» BRIEF
Would you transcribe the listing that follows word for word, skipping pictures?

── DATA BELOW

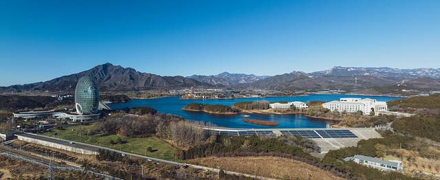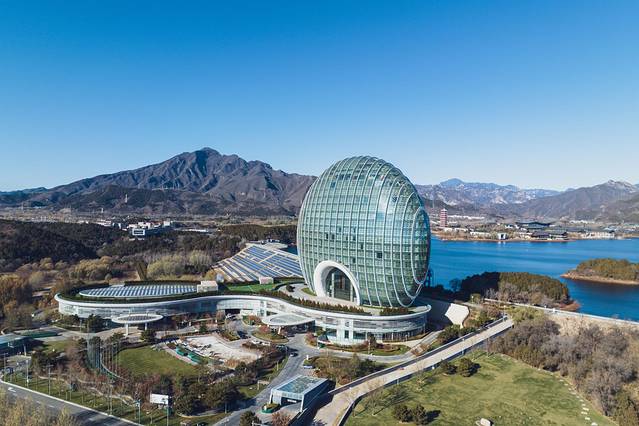 玩累了就在这里住一晚吧,别赶时问,就在这里慢享时光!酒店醒目的建筑,远远就能看到,正面的外形很像一轮旭日,侧面又像一个“扇贝”,与周边山水融为一体,给雁栖湖增添一抹色彩!
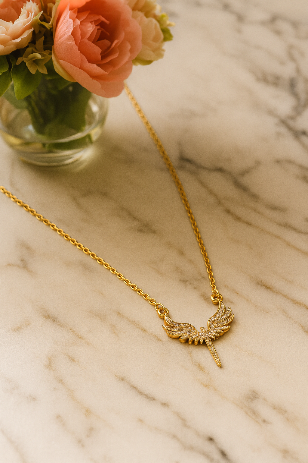 Elevate your style with this angel wing pendant necklace, crafted in premium stainless steel for long-lasting shine and durability. Accented with sparkling cubic zirconia crystals, the design symbolizes strength, grace, and timeless elegance—perfect for both everyday wear and special occasions.
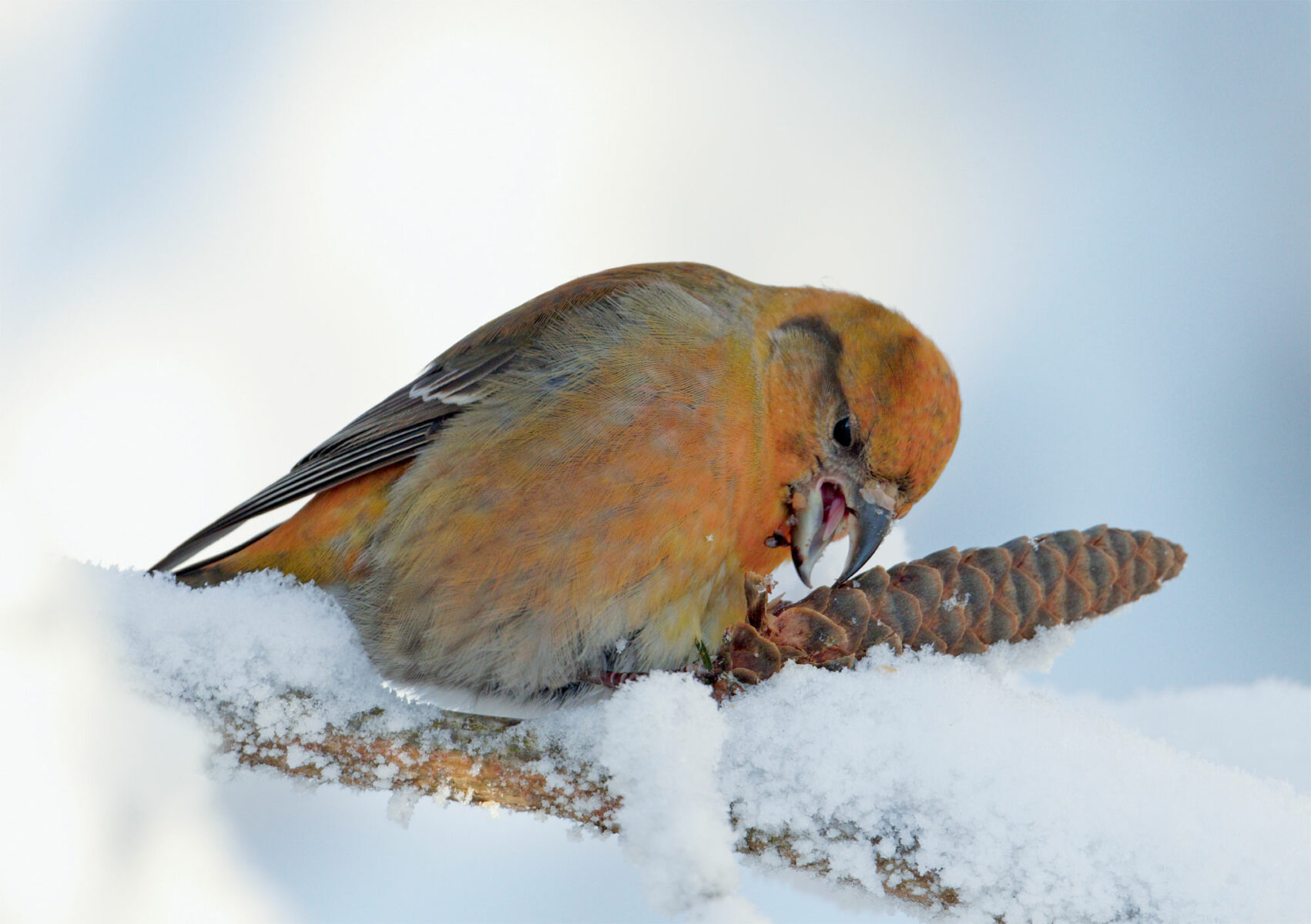 Le gras, c’est la vie ? Oh oui, répondraient les amateurs de graines d’épicéa. Chaque gourmet a développé sa technique pour les extirper de leur cône blindé. L’écureuil fait tourner la pive entre ses mains à mesure qu’il ronge frénétiquement les écailles pour accéder à la récompense. Mulots et campagnols font de même, mais de manière bien plus minutieuse et patiente. Le pic épeiche coince les cônes dans un repli d’écorce pour les marteler. Le bec-croisé est quant à lui passé maître en la matière. L’oiseau coloré glisse ses mandibules asymétriques sous les écailles et les soulève par un mouvement de levier afin d’extraire son repas avec sa langue. Grâce à cette ressource alimentaire parfois abondante toute l’année, il peut nicher même au cœur de l’hiver !

────

» THE ANSWER
 玩累了就在这里住一晚吧,别赶时问,就在这里慢享时光!酒店醒目的建筑,远远就能看到,正面的外形很像一轮旭日,侧面又像一个“扇贝”,与周边山水融为一体,给雁栖湖增添一抹色彩!
 Elevate your style with this angel wing pendant necklace, crafted in premium stainless steel for long-lasting shine and durability. Accented with sparkling cubic zirconia crystals, the design symbolizes strength, grace, and timeless elegance—perfect for both everyday wear and special occasions.
 Le gras, c’est la vie ? Oh oui, répondraient les amateurs de graines d’épicéa. Chaque gourmet a développé sa technique pour les extirper de leur cône blindé. L’écureuil fait tourner la pive entre ses mains à mesure qu’il ronge frénétiquement les écailles pour accéder à la récompense. Mulots et campagnols font de même, mais de manière bien plus minutieuse et patiente. Le pic épeiche coince les cônes dans un repli d’écorce pour les marteler. Le bec-croisé est quant à lui passé maître en la matière. L’oiseau coloré glisse ses mandibules asymétriques sous les écailles et les soulève par un mouvement de levier afin d’extraire son repas avec sa langue. Grâce à cette ressource alimentaire parfois abondante toute l’année, il peut nicher même au cœur de l’hiver !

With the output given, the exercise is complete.